*** Data below ***
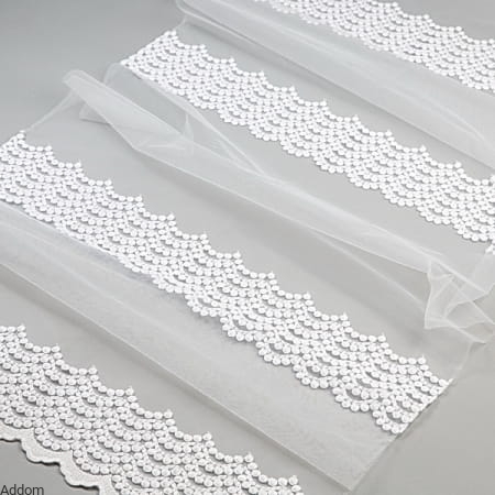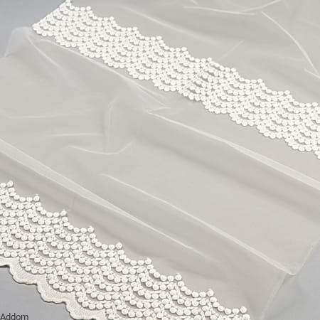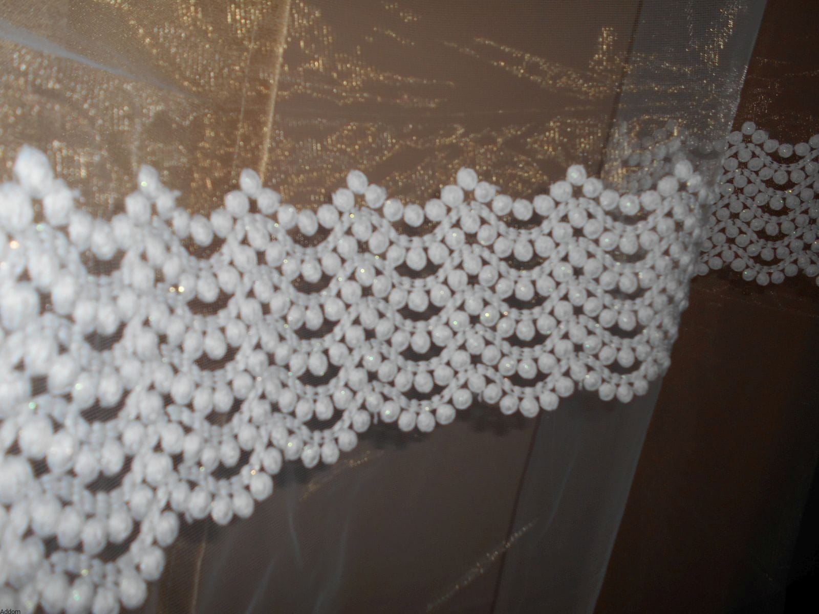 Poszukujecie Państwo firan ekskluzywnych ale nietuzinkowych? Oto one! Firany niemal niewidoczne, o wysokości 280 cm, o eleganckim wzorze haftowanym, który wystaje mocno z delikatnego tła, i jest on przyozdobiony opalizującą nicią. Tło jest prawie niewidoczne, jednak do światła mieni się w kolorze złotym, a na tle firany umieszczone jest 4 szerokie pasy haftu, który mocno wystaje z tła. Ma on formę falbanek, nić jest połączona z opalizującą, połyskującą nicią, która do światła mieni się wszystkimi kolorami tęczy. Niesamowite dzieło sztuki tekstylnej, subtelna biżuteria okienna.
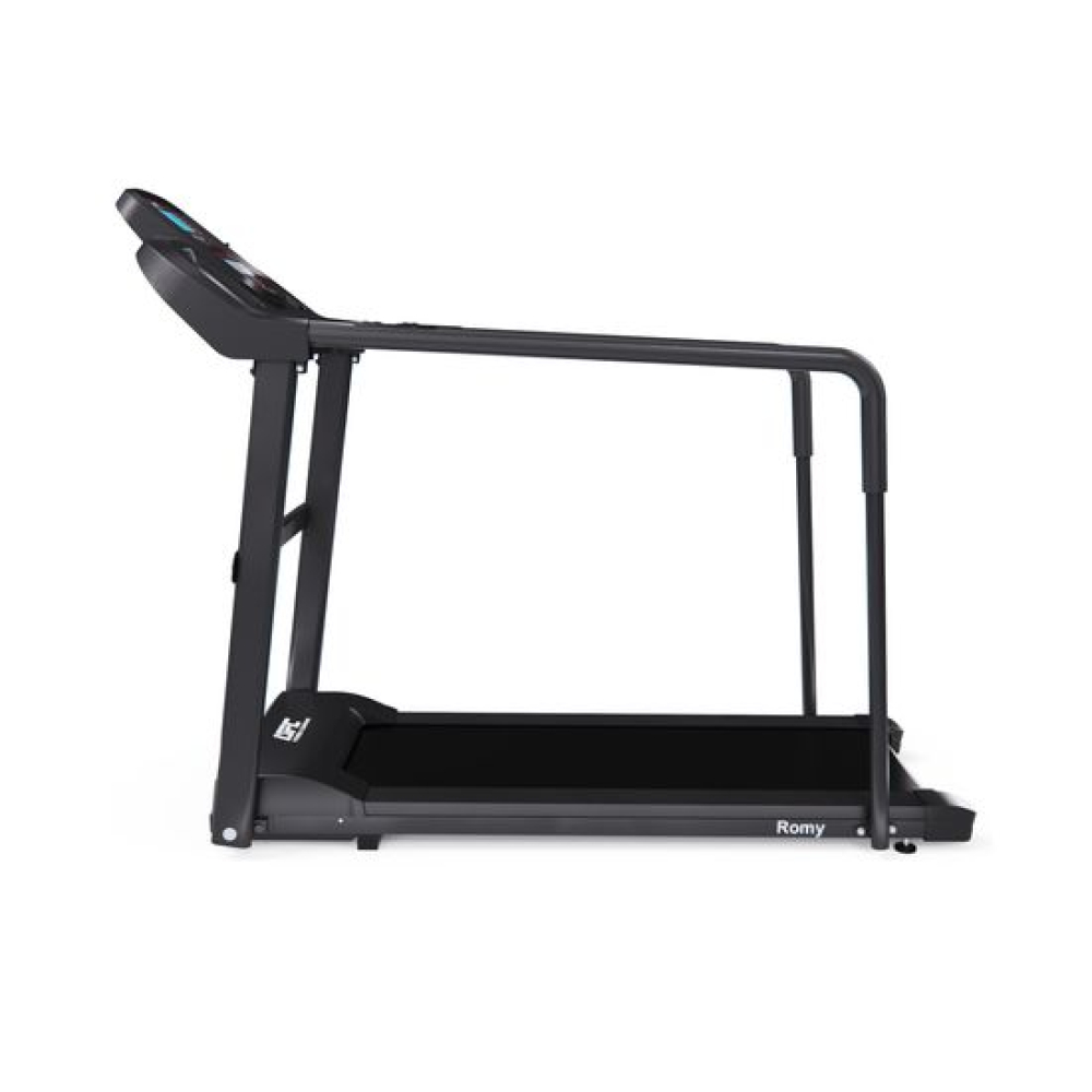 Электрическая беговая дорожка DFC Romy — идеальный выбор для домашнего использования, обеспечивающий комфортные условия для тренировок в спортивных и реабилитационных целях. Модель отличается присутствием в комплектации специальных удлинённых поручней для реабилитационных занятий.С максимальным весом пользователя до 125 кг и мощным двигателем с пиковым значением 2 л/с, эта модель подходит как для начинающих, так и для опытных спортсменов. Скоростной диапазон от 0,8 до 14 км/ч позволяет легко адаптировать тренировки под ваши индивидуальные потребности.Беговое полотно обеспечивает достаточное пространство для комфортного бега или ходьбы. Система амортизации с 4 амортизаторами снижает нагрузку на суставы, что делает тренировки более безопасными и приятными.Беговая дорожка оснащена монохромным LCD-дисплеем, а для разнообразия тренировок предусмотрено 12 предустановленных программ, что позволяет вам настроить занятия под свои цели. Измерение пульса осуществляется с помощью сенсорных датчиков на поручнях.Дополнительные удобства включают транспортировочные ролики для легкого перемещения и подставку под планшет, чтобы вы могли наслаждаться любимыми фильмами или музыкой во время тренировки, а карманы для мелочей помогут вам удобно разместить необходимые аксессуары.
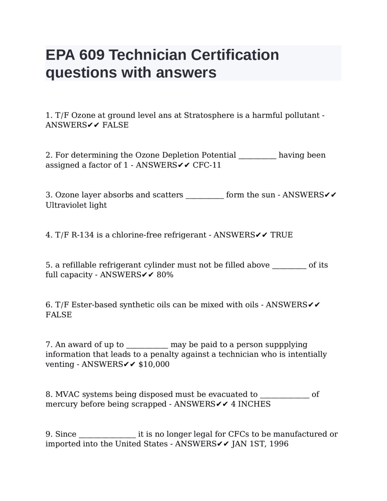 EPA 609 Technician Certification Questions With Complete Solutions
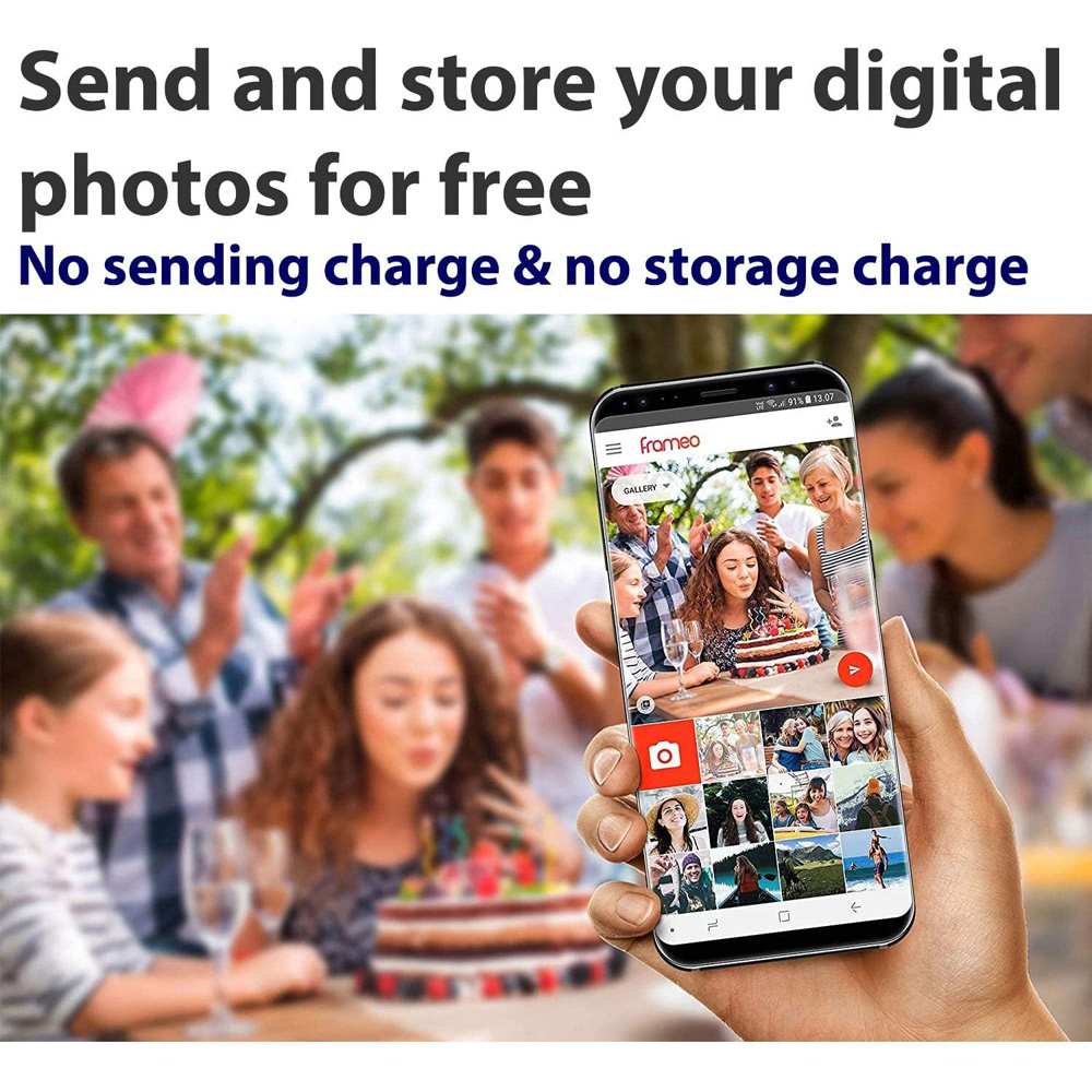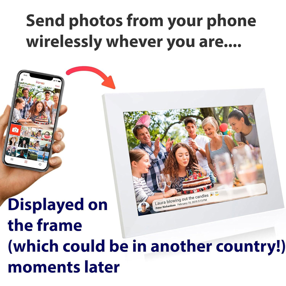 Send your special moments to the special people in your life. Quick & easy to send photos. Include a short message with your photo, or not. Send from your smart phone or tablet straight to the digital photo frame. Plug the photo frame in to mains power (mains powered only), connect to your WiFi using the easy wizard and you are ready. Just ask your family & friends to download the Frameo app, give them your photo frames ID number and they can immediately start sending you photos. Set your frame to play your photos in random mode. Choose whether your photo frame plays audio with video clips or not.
***
Omitting all pictures, set the listing down exactly.

Task result -
 Poszukujecie Państwo firan ekskluzywnych ale nietuzinkowych? Oto one! Firany niemal niewidoczne, o wysokości 280 cm, o eleganckim wzorze haftowanym, który wystaje mocno z delikatnego tła, i jest on przyozdobiony opalizującą nicią. Tło jest prawie niewidoczne, jednak do światła mieni się w kolorze złotym, a na tle firany umieszczone jest 4 szerokie pasy haftu, który mocno wystaje z tła. Ma on formę falbanek, nić jest połączona z opalizującą, połyskującą nicią, która do światła mieni się wszystkimi kolorami tęczy. Niesamowite dzieło sztuki tekstylnej, subtelna biżuteria okienna.
 Электрическая беговая дорожка DFC Romy — идеальный выбор для домашнего использования, обеспечивающий комфортные условия для тренировок в спортивных и реабилитационных целях. Модель отличается присутствием в комплектации специальных удлинённых поручней для реабилитационных занятий.С максимальным весом пользователя до 125 кг и мощным двигателем с пиковым значением 2 л/с, эта модель подходит как для начинающих, так и для опытных спортсменов. Скоростной диапазон от 0,8 до 14 км/ч позволяет легко адаптировать тренировки под ваши индивидуальные потребности.Беговое полотно обеспечивает достаточное пространство для комфортного бега или ходьбы. Система амортизации с 4 амортизаторами снижает нагрузку на суставы, что делает тренировки более безопасными и приятными.Беговая дорожка оснащена монохромным LCD-дисплеем, а для разнообразия тренировок предусмотрено 12 предустановленных программ, что позволяет вам настроить занятия под свои цели. Измерение пульса осуществляется с помощью сенсорных датчиков на поручнях.Дополнительные удобства включают транспортировочные ролики для легкого перемещения и подставку под планшет, чтобы вы могли наслаждаться любимыми фильмами или музыкой во время тренировки, а карманы для мелочей помогут вам удобно разместить необходимые аксессуары.
 EPA 609 Technician Certification Questions With Complete Solutions
 Send your special moments to the special people in your life. Quick & easy to send photos. Include a short message with your photo, or not. Send from your smart phone or tablet straight to the digital photo frame. Plug the photo frame in to mains power (mains powered only), connect to your WiFi using the easy wizard and you are ready. Just ask your family & friends to download the Frameo app, give them your photo frames ID number and they can immediately start sending you photos. Set your frame to play your photos in random mode. Choose whether your photo frame plays audio with video clips or not.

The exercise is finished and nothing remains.